Collection entries:
►
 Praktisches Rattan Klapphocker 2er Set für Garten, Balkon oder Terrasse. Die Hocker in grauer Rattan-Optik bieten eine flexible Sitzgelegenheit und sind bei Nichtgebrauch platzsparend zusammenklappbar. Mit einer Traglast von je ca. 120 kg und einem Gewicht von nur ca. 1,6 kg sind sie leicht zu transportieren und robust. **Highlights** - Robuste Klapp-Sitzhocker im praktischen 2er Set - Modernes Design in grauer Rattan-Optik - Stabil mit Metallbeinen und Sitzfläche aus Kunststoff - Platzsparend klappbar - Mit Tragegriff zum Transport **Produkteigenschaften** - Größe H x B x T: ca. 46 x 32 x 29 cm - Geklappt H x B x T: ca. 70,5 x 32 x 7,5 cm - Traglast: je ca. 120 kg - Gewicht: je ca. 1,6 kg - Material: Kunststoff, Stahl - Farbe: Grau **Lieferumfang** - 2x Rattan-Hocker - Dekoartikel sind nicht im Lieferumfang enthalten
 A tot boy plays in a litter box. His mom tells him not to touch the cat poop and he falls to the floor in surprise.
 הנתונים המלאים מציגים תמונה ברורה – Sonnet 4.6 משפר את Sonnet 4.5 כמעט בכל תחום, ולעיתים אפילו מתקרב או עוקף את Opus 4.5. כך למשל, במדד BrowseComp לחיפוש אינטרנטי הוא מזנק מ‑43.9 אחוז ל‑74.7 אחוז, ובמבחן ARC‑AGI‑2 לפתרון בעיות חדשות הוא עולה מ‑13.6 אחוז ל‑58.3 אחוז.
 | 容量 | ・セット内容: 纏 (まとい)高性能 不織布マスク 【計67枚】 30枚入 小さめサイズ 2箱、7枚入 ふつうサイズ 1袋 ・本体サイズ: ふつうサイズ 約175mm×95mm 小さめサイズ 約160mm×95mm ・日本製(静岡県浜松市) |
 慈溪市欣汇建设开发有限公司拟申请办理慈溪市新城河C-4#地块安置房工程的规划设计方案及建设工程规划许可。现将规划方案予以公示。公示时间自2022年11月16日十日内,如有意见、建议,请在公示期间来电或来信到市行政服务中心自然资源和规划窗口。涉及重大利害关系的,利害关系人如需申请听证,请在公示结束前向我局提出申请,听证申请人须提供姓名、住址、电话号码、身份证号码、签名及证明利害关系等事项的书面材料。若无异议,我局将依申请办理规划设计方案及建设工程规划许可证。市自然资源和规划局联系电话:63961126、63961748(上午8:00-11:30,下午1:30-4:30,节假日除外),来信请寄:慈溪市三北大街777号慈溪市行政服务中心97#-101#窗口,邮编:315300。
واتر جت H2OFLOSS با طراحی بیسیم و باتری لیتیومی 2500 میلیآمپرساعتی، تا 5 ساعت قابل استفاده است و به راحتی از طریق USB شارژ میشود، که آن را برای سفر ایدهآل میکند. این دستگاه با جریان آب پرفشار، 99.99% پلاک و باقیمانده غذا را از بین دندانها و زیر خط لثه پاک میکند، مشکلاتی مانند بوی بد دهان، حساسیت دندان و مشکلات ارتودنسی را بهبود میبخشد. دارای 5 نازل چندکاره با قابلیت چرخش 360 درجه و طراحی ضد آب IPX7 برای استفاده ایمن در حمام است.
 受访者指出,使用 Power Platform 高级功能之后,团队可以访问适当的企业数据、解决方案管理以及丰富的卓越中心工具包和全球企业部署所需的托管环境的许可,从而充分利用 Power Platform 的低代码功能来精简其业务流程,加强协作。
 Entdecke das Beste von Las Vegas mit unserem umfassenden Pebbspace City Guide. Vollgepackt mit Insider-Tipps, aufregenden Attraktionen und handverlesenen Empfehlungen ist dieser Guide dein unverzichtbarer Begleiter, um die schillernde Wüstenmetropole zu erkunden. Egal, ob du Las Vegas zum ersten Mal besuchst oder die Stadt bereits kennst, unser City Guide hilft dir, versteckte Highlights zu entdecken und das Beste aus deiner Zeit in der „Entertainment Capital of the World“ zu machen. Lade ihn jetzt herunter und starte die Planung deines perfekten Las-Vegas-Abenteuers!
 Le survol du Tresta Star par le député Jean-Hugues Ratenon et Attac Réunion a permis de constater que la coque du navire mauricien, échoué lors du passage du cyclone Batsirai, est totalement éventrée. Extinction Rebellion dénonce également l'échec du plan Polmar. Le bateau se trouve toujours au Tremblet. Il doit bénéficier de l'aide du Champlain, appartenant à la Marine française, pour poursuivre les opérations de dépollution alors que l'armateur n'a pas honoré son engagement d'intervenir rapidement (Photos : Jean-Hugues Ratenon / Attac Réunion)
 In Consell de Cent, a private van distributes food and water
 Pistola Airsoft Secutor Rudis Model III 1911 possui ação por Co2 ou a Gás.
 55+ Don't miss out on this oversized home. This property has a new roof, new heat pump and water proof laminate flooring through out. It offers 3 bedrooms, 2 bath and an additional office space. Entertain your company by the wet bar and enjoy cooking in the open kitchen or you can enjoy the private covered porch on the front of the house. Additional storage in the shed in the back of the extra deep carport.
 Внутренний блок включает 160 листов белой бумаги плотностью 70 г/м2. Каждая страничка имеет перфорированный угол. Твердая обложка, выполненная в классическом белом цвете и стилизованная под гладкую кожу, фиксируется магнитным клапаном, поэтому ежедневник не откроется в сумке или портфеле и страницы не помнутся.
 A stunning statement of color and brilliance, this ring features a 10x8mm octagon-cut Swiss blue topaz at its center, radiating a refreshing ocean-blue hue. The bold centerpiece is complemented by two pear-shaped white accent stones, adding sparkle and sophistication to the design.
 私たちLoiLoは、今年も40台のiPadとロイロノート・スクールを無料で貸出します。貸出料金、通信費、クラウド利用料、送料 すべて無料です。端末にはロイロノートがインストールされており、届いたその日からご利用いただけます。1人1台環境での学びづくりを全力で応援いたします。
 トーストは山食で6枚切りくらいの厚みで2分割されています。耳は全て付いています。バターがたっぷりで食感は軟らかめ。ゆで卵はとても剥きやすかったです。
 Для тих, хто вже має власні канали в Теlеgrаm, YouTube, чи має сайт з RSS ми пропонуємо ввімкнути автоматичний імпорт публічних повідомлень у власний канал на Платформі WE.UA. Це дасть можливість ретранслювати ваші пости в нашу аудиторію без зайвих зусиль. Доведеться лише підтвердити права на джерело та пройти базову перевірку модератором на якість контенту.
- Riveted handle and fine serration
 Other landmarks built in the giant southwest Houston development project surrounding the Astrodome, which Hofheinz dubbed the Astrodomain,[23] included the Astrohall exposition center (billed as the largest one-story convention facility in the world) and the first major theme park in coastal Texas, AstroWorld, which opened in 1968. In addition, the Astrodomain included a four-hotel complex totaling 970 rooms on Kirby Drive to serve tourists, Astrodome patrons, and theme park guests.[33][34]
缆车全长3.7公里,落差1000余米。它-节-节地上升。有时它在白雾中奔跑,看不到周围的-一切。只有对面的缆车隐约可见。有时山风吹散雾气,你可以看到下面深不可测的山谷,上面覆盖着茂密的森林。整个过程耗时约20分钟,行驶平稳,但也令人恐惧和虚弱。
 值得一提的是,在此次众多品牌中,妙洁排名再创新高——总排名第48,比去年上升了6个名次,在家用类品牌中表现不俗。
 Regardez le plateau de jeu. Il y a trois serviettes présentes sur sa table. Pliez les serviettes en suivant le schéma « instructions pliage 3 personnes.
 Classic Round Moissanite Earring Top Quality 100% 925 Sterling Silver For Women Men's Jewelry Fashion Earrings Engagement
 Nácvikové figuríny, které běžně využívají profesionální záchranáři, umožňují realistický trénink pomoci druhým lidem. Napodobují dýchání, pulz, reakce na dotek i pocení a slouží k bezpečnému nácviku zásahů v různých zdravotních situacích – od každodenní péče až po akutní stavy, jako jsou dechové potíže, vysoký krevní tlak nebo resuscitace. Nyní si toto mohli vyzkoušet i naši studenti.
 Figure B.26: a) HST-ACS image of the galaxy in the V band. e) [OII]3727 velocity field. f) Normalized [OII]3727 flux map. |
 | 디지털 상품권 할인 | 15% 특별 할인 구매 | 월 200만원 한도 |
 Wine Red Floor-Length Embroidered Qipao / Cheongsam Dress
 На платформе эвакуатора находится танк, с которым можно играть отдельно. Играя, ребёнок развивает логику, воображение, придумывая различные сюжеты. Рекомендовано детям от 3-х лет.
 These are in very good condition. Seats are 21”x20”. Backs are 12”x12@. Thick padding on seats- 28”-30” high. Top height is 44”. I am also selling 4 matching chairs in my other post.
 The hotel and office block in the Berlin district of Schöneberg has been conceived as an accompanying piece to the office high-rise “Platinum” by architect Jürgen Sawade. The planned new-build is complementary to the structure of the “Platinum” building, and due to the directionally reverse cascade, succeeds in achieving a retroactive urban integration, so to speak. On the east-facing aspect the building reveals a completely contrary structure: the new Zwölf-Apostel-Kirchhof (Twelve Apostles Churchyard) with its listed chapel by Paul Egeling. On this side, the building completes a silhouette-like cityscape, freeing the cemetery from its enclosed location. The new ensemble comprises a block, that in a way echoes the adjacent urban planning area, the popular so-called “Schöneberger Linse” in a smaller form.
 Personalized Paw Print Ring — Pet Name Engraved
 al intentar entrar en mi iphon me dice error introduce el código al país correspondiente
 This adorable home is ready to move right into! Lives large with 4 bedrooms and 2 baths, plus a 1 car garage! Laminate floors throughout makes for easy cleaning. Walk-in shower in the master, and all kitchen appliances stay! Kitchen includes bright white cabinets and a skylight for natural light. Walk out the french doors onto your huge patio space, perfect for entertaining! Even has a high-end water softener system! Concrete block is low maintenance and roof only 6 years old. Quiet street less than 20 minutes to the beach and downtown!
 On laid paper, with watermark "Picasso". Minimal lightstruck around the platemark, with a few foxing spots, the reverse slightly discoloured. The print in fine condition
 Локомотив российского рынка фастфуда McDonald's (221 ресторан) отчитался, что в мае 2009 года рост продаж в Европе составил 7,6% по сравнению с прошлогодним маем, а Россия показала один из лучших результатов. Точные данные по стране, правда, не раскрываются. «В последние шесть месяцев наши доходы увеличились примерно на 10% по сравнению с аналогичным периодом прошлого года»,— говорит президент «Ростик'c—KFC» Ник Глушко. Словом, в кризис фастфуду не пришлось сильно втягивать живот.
◄
* Exercise directions
Report each line of the records that holds the word "fine".

* The completed task
- Riveted handle and fine serration
 On laid paper, with watermark "Picasso". Minimal lightstruck around the platemark, with a few foxing spots, the reverse slightly discoloured. The print in fine condition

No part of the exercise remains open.